Solution:  The quick answer is that there are 8 elements in (A\times B)\times C.  The longer answer would involve an explanation as to why this is so, so let me provide that now.  We already know that the Cartesian product of a set with N elements and one with M elements is a set with N\times M elements.  Accordingly, we can simply view (A\times B)\times C as the Cartesian product of a 4-element set with a 2-element set.  This is because (A\times B)\times C is the Cartesian product of A\times B, which has 4 elements (since it is itself the Cartesian product of two 2-element sets), with C, which has 2 elements.

To be even more explicit, and to check that we’re right, we can simply write out all of the elements in (A\times B)\times C.  To do this, we first need all of the elements in A\times B.  These are simply (1, a), (1, b), (2,a), \mathrm{\ and\ }(2,b).  Thus, simply inserting these 4 elements into the “first slot” of the pairs in the set (A\times B)\times C, we have the 8 elements ((1,a), 3), ((1, a), 4), ((1,b),3), ((1,b),4), ((2,a),3), ((2,a),4), ((2,b),3), \mathrm{\ and\ }((2,b),4).

Exercise 2)  Let A=\{1, 2, 3\}.  How many elements are in A\times A?

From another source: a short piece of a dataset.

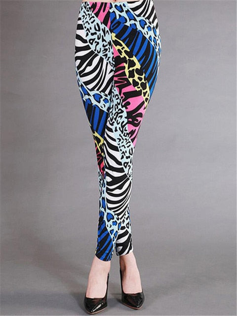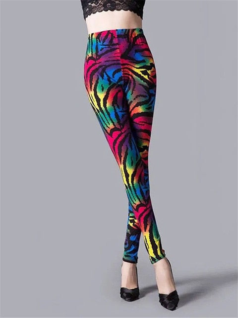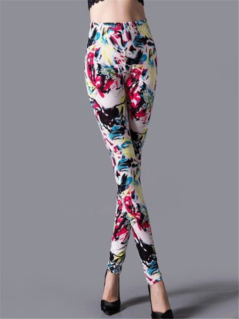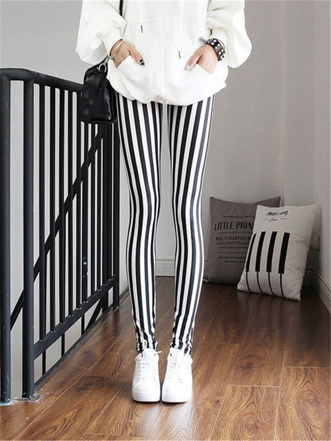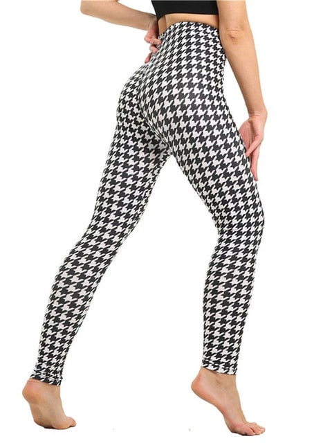 High Waist Leggings Pants Fitness Graffiti Women Fashion Houndstooth Push Up Running Elastic Trousers Stripe Dot Bottom

Solution: After doing the above exercise, I think this one is rather clear, the main point of it being to point out that we can indeed take Cartesian products of sets with themselves (just as we can with unions and intersections).  Thus, since A is a 3-element set, the Cartesian product of A with itself is a 9-element set.  That’s the answer.  To be more clear, however, we can list these 9 elements: (1, 1), (1, 2), (1, 3), (2, 1), (2, 2), (2, 3), (3, 1), (3, 2),\mathrm{\ and\ } (3, 3).  Note, however, that while we can take unions, intersections, and Cartesian products of sets with themselves, the results of doing so are vastly different.  The union and intersection of any set with itself are both simply the original set (as you can check), whereas the Cartesian product of a set with itself is vastly different from the original set.  The difference lies in the fact that the elements in the Cartesian product are pairs of elements in the original set, and not the elements themselves.  Note also that (1, 2) and (2, 1) are different elements, since the pairs involve picking the “1” and “2” from different copies of A.  We can think of this as picking the elements in a different order: one involves picking 1 first and 2 second, and the other involves picking 2 first and 1 second, thus giving rise to different pairs.